Incidents where a reasonable person might just go “ooops, sorry: we got that wrong!” and move on now become full-blown matters for inquiry, with demands for resignation and “serious consequences” if anyone DID do anything remotely wrong.

The lawless police

That culture is, itself, wrong. It means that a part of our society that ought to be cleaner than clean as far as probity is concerned now automatically takes refuge in obfuscation the moment any poor decision they make is questioned.

And the police track record in such stuff is not good. Dozens of people killed in error by police over the last decade: not one instance to date of any police officer rebuked for same. Reports of police wrongdoing instantly shut down by one of the sharpest sets of lawyers in town – those employed by rank and file Police Trade Union, the Police Federation. Police investigating themselves via the IPCC.

Police regularly breaking the law when it comes to matters like public photography – yet rarely apologising and, in some cases (step forward City Police) not even having the decency to admit that they have broken the law.

You get the idea?

The police – and the politicians behind the police – for whom not only the letter of the law, but also the spirit of the law ought to be seen as their ultimate moral beacon have instead descended into a culture of buck-passing, abdication of responsibility and let’s back the police right or wrong.

Which takes us where?

Well, it doesn’t take us into territory where people should advocate putting the boot in, throwing bombs or anything else. Though i thoroughly expect some people to misrepresent this post as saying just that.

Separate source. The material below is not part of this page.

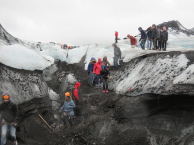 Reykjavik est la capitale de l’Islande depuis le milieu du XIXème siècle. Après l’indépendance du pays, cette ville connut un essor sur tous les plans. Aujourd’hui, elle compte environ 200 000 habitants, soit les quasis deux tiers des islandais. C’est aussi la capitale du nord du monde. Nous avons marché dans le centre afin d’atteindre la cathédrale monumentale. Le catholicisme cohabite avec le protestantisme religion officielle de l’Etat. Ces monothéismes ont d’ailleurs cohabité longtemps avec les païens. Certains élèves ont pu prendre un ascenseur afin d’admirer la vue depuis le clocher de l’église. Par la suite, le mauvais temps nous a contraints à changer nos projets : direction le musée des glaciers et son tunnel de glace grandiose. Les marques cendrées, traces d’anciennes éruptions, rappellent que l’Islande est le pays des extrêmes.

Time for realism about policing

However, it does take us back into political ethics and political realism. First, the ultimate justification for direct action against the authorities has always been seen as those times when the authorities fail to allow for democratic processes that allow for them to be questioned. The recent record of the police seems to be drifting perilously close to same. And whether we have ACTUALLY reached that point, public perception is perhaps growing that we have.

Maybe in polite debating circles amongst the chattering classes, we can make nice distinctions proving we are nowhere near there. But on the streets of Tottenham, as the police shoot one more individual and people make the reckoning that, on past form, the chances of ANY meaningful investigation of that episode is next to nil, what alternative presents itself OTHER than to riot.

And second, it is clear that there is one law for the police, one law for the rest of us. Just flick back to events around recent protests and the way in which the police simply lied in order to clear protesters out of Fortnum and Mason.

Again, public perception matters: and if the public come to realise that the police can lie, abuse the law, and inflict violence with impunity, then the consequences are inevitable. More Tottenhams, more violently executed.

Against that, plummy-voiced condemnations from Downing St may make a certain sort of right-wing, self-satisfied politician feel better about themselves: but it says nothing to the reality on the streets today.